Quite simply, the GOP has become an ever-declining corps of conservative true believers. A recent Frank N. Magid Associates survey indicates that while Democratic identifiers are almost evenly divided between liberals or progressives (45%) and moderates (42%), among Republicans, conservatives outnumber moderates by more than 2:1 (61% vs. 26%).

As a result, Republicans see things very differently than almost everyone else. The latest Daily Kos weekly tracking poll, for example, indicates that more than two-thirds of Americans (67%) have a favorable opinion of President Obama. In that poll at least sixty percent of both women and men and all age and ethnic groups have a positive impression of the president. Only among Republicans (23%) and in the geographic center of the GOP, the South, (41%), is only a minority favorable toward Obama.

Given the distance of the Republican Party from the current American political mainstream, and the increased sense of party loyalty felt by many Americans, it shouldn't be surprising that most of the public is reticent to see President Obama compromise with Republicans on important public policy questions as Gerson suggests. In a March CBS/New York Times poll, a clear majority (56%) wanted President Obama to pursue the policies he promised in the campaign rather than working in a bipartisan way with Republicans (39%). An even larger majority (79%) wanted Congressional Republicans to work in a bipartisan way with the President rather than sticking to Republican policies.

By refusing to do so, it is the Republicans and not Barack Obama who are now polarizing American politics and, as a result, it is they who are polarized from most of their fellow citizens as well.

If Republicans like Michael Gerson truly want to see bipartisan policymaking, they will have to retreat from their position as a corporal's guard on the right wing of American politics and join the rest of the country in seeking real solutions to the major issues facing the United States at the dawn of the 21st Century.
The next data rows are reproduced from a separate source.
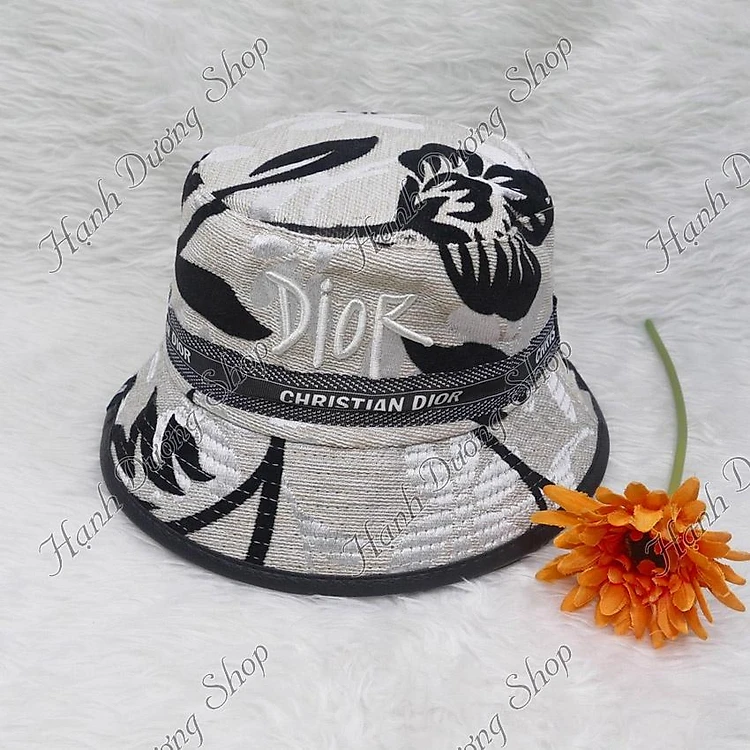 Mũ bucket bông vải bông lụa nón tai bèo vành tròn có may đai xung quanh, vành viền da, có may tem thời trang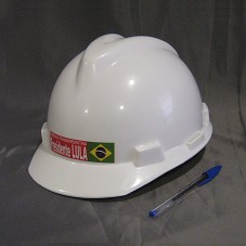 CAPACETE DE PROTEÇÃO, UTILIZADO EM CONSTRUÇÃO CIVIL, NA COR BRANCA. NA FRENTE, ETIQUETA COM FUNDO VERMELHO, CONTENDO A BANDEIRA DO BRASIL E A INSCRIÇÃO 'FERROVIA TRANSNORDESTINA / PRESIDENTE LULA'. POSSUI AJUSTE INTERNO.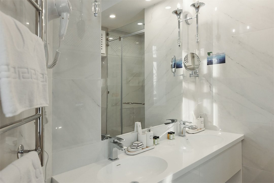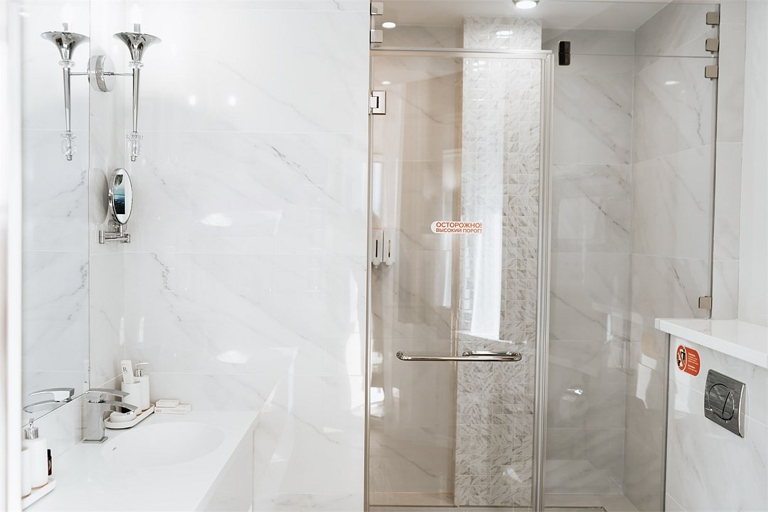 Suite – самый роскошный номер в отеле. Исключительное предложение для исключительных людей! Уникальной особенностью данного номера является ванная комната открытого типа, отсутствует входная дверь. Панорамные окна, превосходный вид на озеро Байкал, общая площадь 92 кв.м. отдельная обеденная и рабочая зона – все это будет Вашим. Здесь получаются удивительные фотографии, которые навсегда сохранят память о Вашем отдыхе. В апартаментах могут разместиться до 4х человек.Услуги и удобства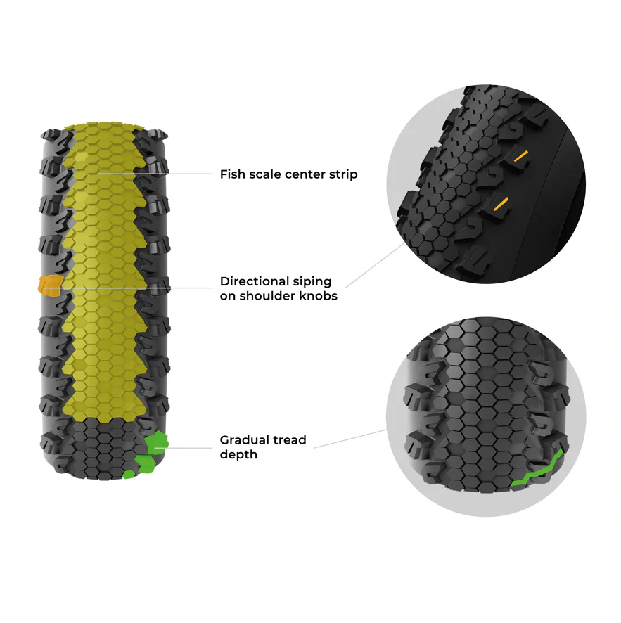 Sein zentrales "Fischschuppen"-Laufflächenprofil bietet einen geringen Rollwiderstand, ideal für schnelle Geraden, während es in Kurven dank eines fließenden Übergangs zu den verstärkten Seitenstollen effektives Bremsen und Grip gewährleistet. Seine 60 TPI Nylonkarkasse absorbiert Stöße und begrenzt Durchstiche, ohne dabei auf Flexibilität oder Effizienz zu verzichten.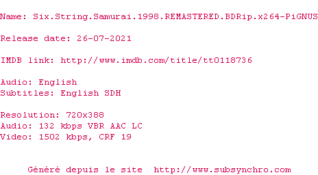 Voir le nfo de la release Six.String.Samurai.1998.REMASTERED.BDRip.x264-PiGNUS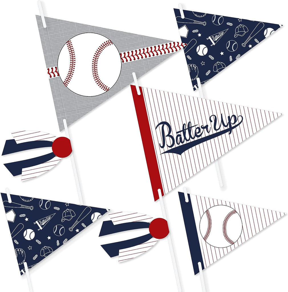 Batter Up - Baseball - Triangle Baby Shower or Birthday Party Photo Props - Pennant Flag Centerpieces - Set of 20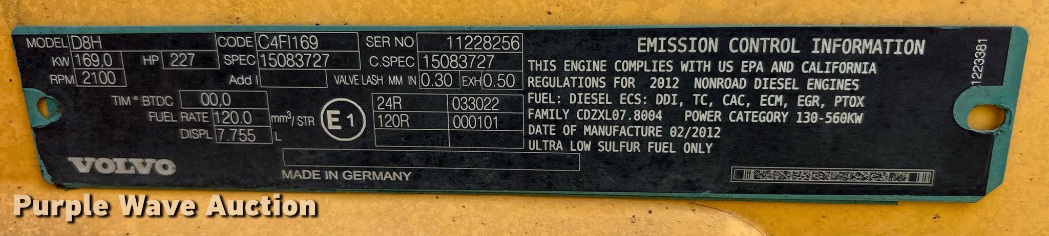 2012 Volvo G930B motor grader. Hours: 5,944 on meter, Serial: VCEG930BC0S575232. Engine Volvo D8H, Serial: 11228256, Displacement: 7.755L, Cylinders: 6, Fuel type: Diesel, HP: 227. Transmission Powershift, 8F - 4R. Chassis Differential lock. Operators station Enclosed cab, AC, Heat, Backup camera, Hydraulic control valves: 10. Features Moldboard: Tip control, Side shift, Moldboard total width: 14', Rear ripper Ripper shanks: 3, Scarifier teeth: 5. Tires Size: 14.00-24. Notes Warning indicator: Water in fuel. Wood County Precinct 1. Quitman, TX 75783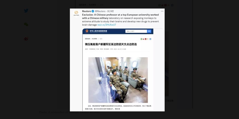 Dikatakan dalam laporan tersebut bahwa peneliti mengekspos monyet ke ketinggian ekstrim untuk mempelajari otak mereka dan mengembangkan obat baru untuk mencegah kerusakan otak. Tweet itu diposting di samping foto tentara China di ruang oksigen yang tidak ada hubungannya dengan konten tweet.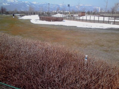 前田森林公園パークゴルフ場でも雪解けが遅れ、予定通りにオープンすることが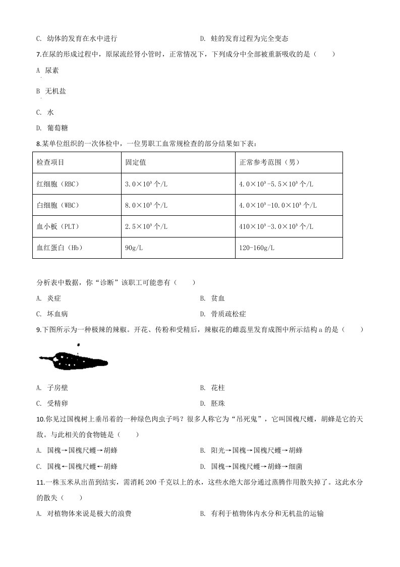 山西省晋中市2020年中考生物试题(空白卷)_共9页

The Republican Joke-of-a-Budget

Yesterday, U.S. Rep. Paul Ryan and his GOP cohorts in the House released their alternative budget. (This time with numbers!) The highlights are a freeze on discretionary spending, an utter absense of any common sense, and a chart from fantasy land. Here's what Senate Majority Leader Harry Reid had to say:

If you like this recession, you’ll love the Republican budget.  And if their plan sounds familiar, it’s because it merely repeats the same mistakes of the past eight years – mistakes that have cost millions of Americans their jobs and plunged our nation into the worst economic crisis since the Great Depression.

While the Democratic budget invests in health care, education and energy, the Republican budget will take cops off the streets and eliminate needed transportation projects that create jobs.  While the Democratic budget cuts taxes for middle-class families, the Republican budget continues to give tax breaks disproportionately to multimillionaires and Big Oil companies.  And while the Democratic budget is designed to help families keep their homes and get us out of this recession, the Republican budget will only make a bad situation worse.

What America needs now is a serious and responsible plan that invests in our future, cuts taxes for the middle class and cuts the Republican Deficit – which is exactly what the Democratic budget does.

In addition to Reid's statement, it's worth noting that the Republican budget proposes the sort of sustained policy error that could turn this Great Recession into an actual depression. In fact, America almost emerged from the Great Depression, only to be plunged back in by an attempt to balance the budget in the short term by cutting spending. Reid's statement may be too kind to the Republicans on one point - the GOP budget doesn't merely repeat the same mistakes of the past eight years, it's much, much worse at a time when the stakes are much higher.